Employers should also take a look at their recruiting practices as barriers. Many are using Applicant Tracking Systems that eliminate the majority of applicants. It means that job seekers are having to submit many more applications than before. It has become so discouraging that many have given up submitting online applications.
Harvard published a good study in 2021 on “Hidden Workers” who want to work, but are screened out by current recruiting practices.
https://www.hbs.edu/managing-the-future-of-work/research/Pages/hidden-workers-untapped-talent.aspx
For other insights into the challenges faced by applicants, please visit a very interesting Reddit site where job seekers and workers post their experiences. While there are a lot of whiners, there are also some horrible stories about trying to get a job.
https://www.reddit.com/r/antiwork/
We really need to address these issues. I have a group of high schoolers who will graduate into what appears to be a pretty discouraging labor market, despite what the employers are saying.
The current system simply isn’t working for many.
Kevin says
Well there’s a companion piece. Serendipity?

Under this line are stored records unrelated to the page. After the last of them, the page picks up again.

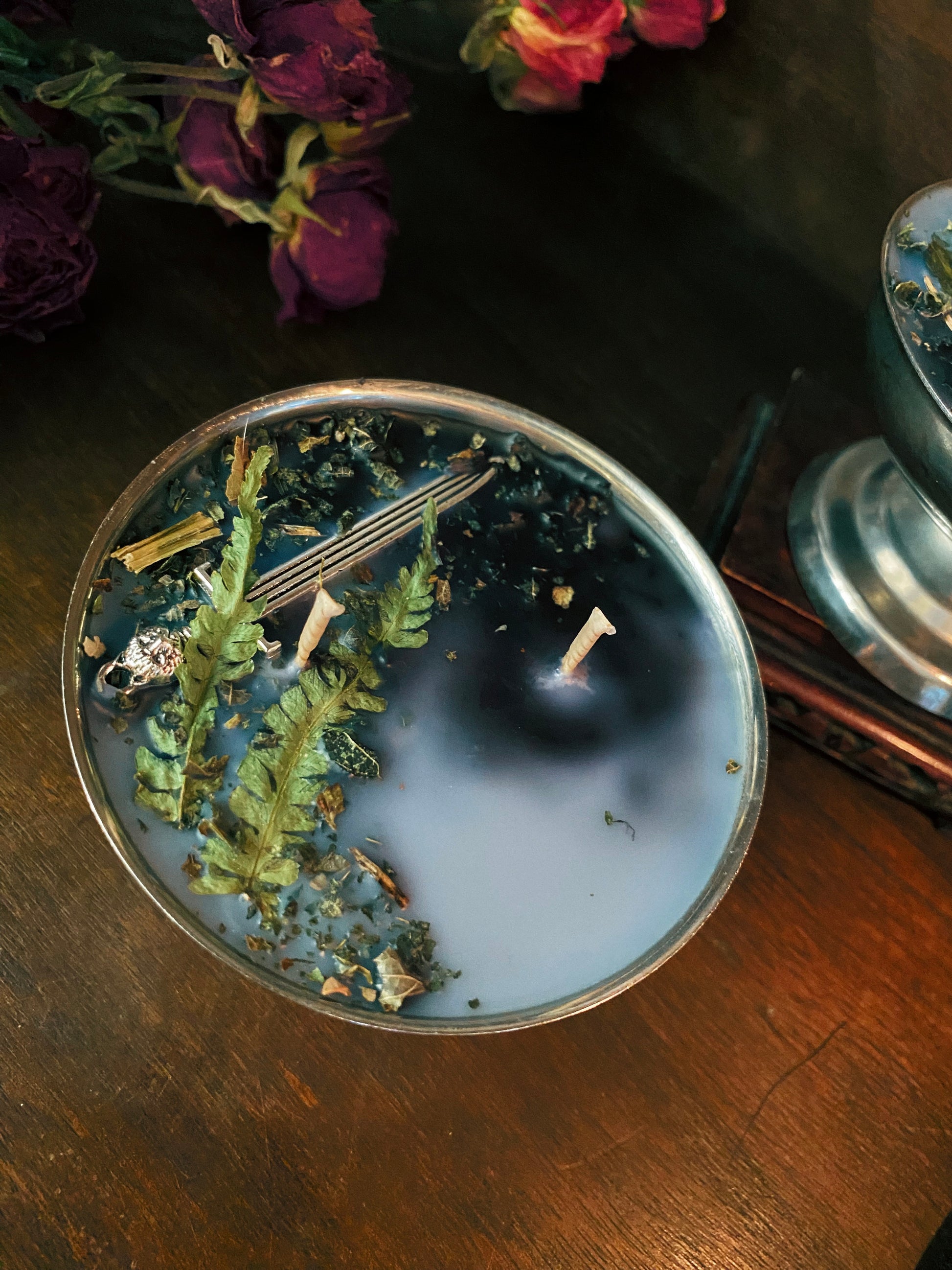 Ornée de plantes consacrées aux vertus spirituelles, cette étincelle est accompagnée d’un livret détaillant son histoire, ses symboles et ses secrets. Pierres issues de mines éthiques, plantes cueillies avec soin ou bio. 77g de cire de coco 100 % naturelle, végane, sans OGM. Mèche en coton bio ou bois d’érable. 10h de combustion.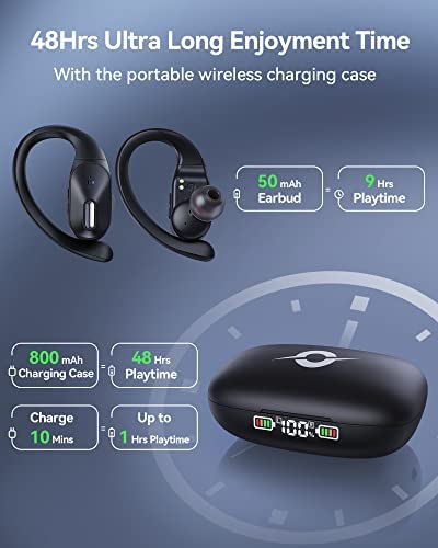 【Wireless Charging & 48hrs Play Time】These bluetooth headphones charging case supports both wireless charging and USB C charging.You could choose either of these two charging methods at any time for your convenience. The impressive 9 hours of listening time on a single charge for the sports wireless headphones are extended to a remarkable 48hrs of play time with the included charging case. In case of emergency, 10-minutes fast charging will give 1 hours of play time when battery is low.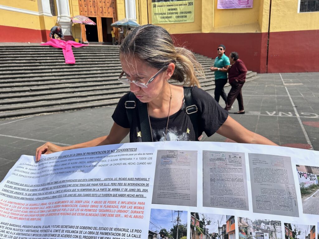 Se trata de Susan Bonilla García, quien habita en la zona desde hace más de 30 años y acusó que hay indignación por la falta de alineación en esta obra aprobada por la Dirección de Desarrollo Urbano del ayuntamiento de Xalapa.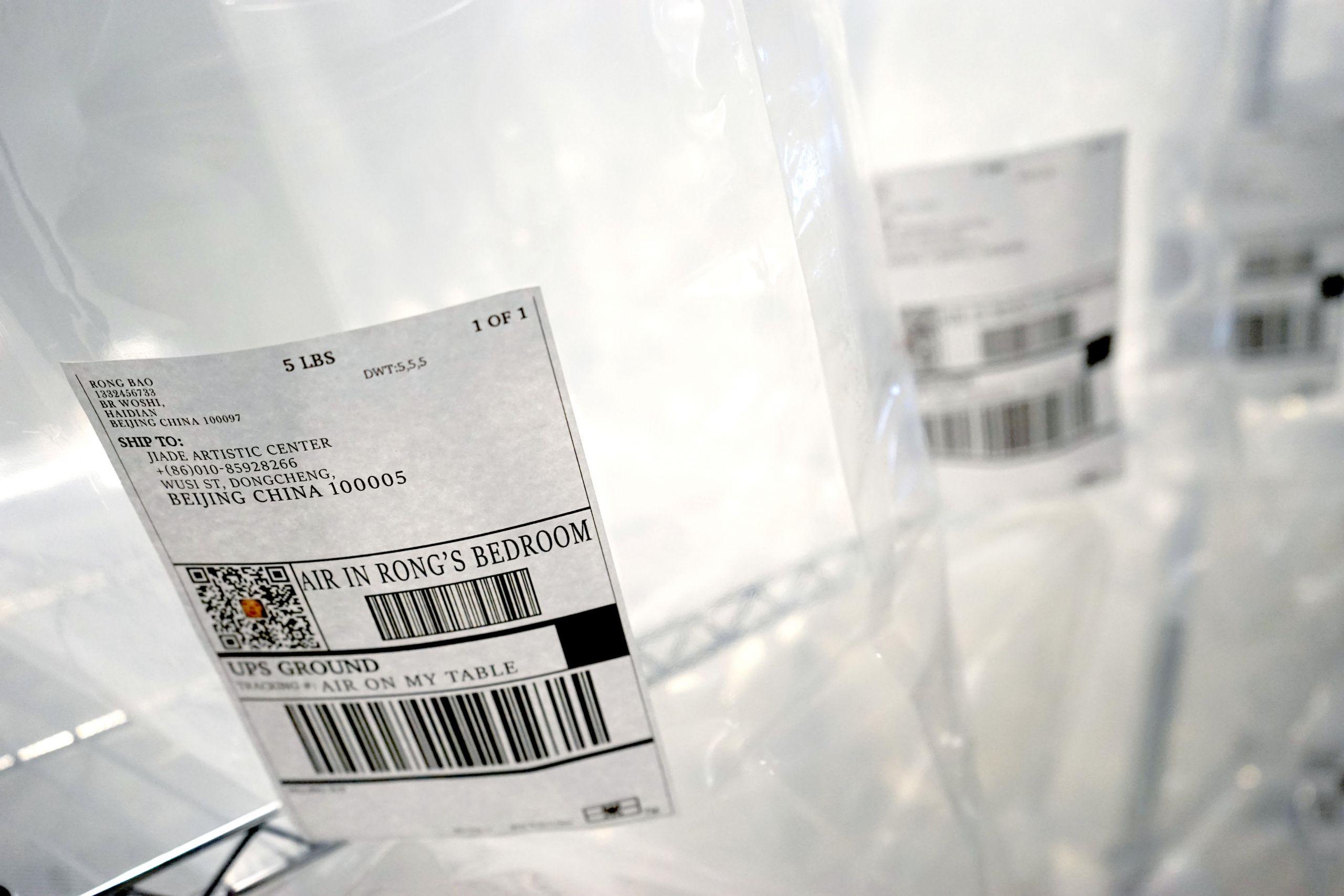 To materialize the air in my own bedroom by means of inversing functionalization, I want to deal with the relationship between the intimate space and the public. Through packaging, transportation, and storage, the intimate personal space becomes public. In the current society, everything can be a commodity, can be labeled, can be transported, and can be stored. Express delivery is used to turn an art project into an item that is being transported. This concept only exists on the way. This concept will disappear before departure or after landing. The identity of the item during transportation will be blurred.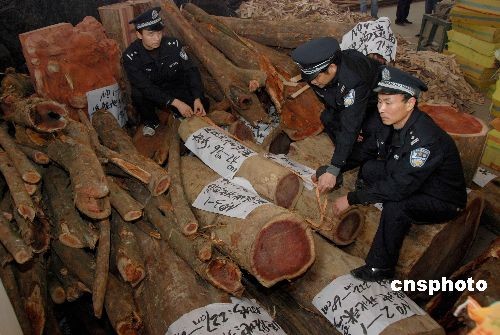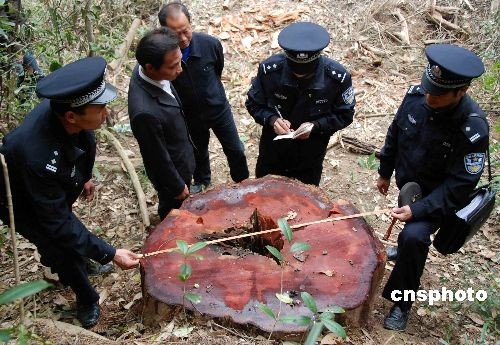 3月20日,江西省婺源縣森林公安局民警在案發(fā)現(xiàn)場(chǎng)對(duì)砍伐后的紅豆杉進(jìn)行偵察。紅豆杉是國(guó)家一級(jí)重點(diǎn)保護(hù)野生植物。經(jīng)鑒定,被盜的一株蔸部直徑為1.07米,活立木蓄積7.494立方米,樹(shù)齡為670年以上;另一株蔸部直徑為0.88米,活立木蓄積4.310立方米,樹(shù)齡為550年以上,總蓄積量達(dá)11.804立方米。目前,紅豆杉已經(jīng)全部追回,14名犯罪嫌疑人員全部到案歸捕,目前此案正在進(jìn)一步審理當(dāng)中。 中新社發(fā) 王國(guó)紅 攝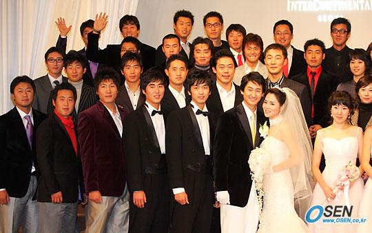 LG의 '쿨 가이' 박용택(26)이 10일 저녁 서울 삼성동 그랜드 콘티넨탈 호텔에서 동갑나기 한진영 씨와 결혼식을 올렸다. 야구계 동료들끼리 기념 촬영하고 있는 박용택 부부. 뒷줄 왼쪽에서 이병규와 김광삼이 손을 흔들고 있다./주지영 기자 jj0jj0@oasen.co.kr [Copyright ⓒ OSEN(www.osen.co.kr) 무단전재 및 재배포 금지]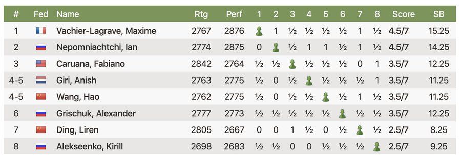 Caruana-Vachier-Lagrave, Wang-Ding, Nepomniachtchi-Giri, Alekseenko-Grischuk.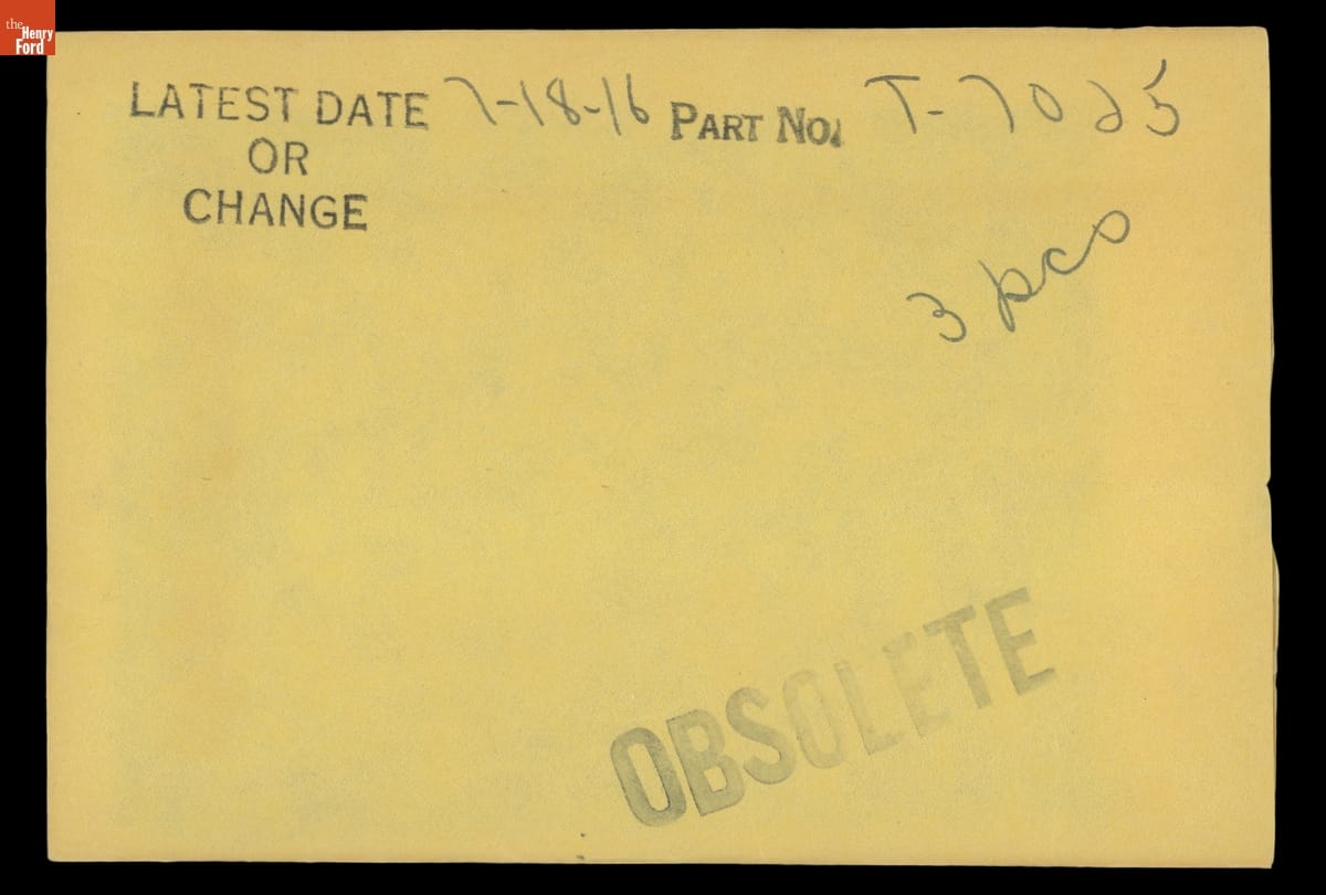 The Ford Motor Company created over a million parts drawings from 1903 to 1957. Many of these drawings specify engineering requirements for the components of Ford-made vehicles--including automobiles, trucks, tractors, military vehicles and Tri-motor airplanes. Others document assembly components, stages of casting and forging, or experimental designs. Beginning in the 1940s, Ford transferred the drawings to microfilm.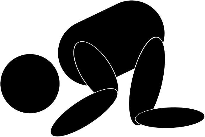 This features a black silhouette of a person in an awkward position, with their head down and knees bent. This figure appears to be bowing or crouched over, possibly in a playful or humble manner. The silhouette is the main focus of the image, occupying most of the frame.
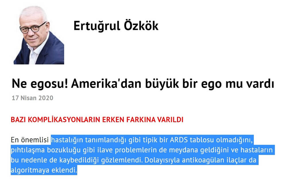 Hürriyet Gazetesi yazarı Ertuğrul Özkök, “Ne egosu! Amerika’dan büyük bir ego mu vardı” başlıklı 17 Nisan 2020 tarihli yazısında Medipol Üniversitesi Üroloji Bölümü’nden Prof. Dr. Zeki Bayraktar’ın analizini -kendisine herhangi bir referans vermeksizin- aynen kullanmış.

https://www.facebook.com/groups/WaldportCommunity/permalink/6612134968816188/?mibextid=Nif5oz
Shell gas station in Waldport apparently not able to pump gas. Hubby just went there for a top-off and was told that the employees had all just quit and walked off the job.
Jay W says
I agree with the shortage of worker housing due to many homes/apartments etc being turned into STR’s being part of the issue. Make no mistake, all kinds of housing are bought to use as STR’s- small homes, large homes, beachfront, homes that are blocks or a car drive away from the beach and everything inbetween. STR’s do not belong everywhere in Lincoln County but our workforce does.
My husband and I moved here 5 years ago for his work. We had little to choose from then for housing and it is clear if we moved here today there would be far less, if anything, available. We have the beautiful ocean, beaches, forests, rivers and the safe, small town atmospheres along our coasts to attract workers- imagine if we just had enough affordable housing for them and everyone who needs it.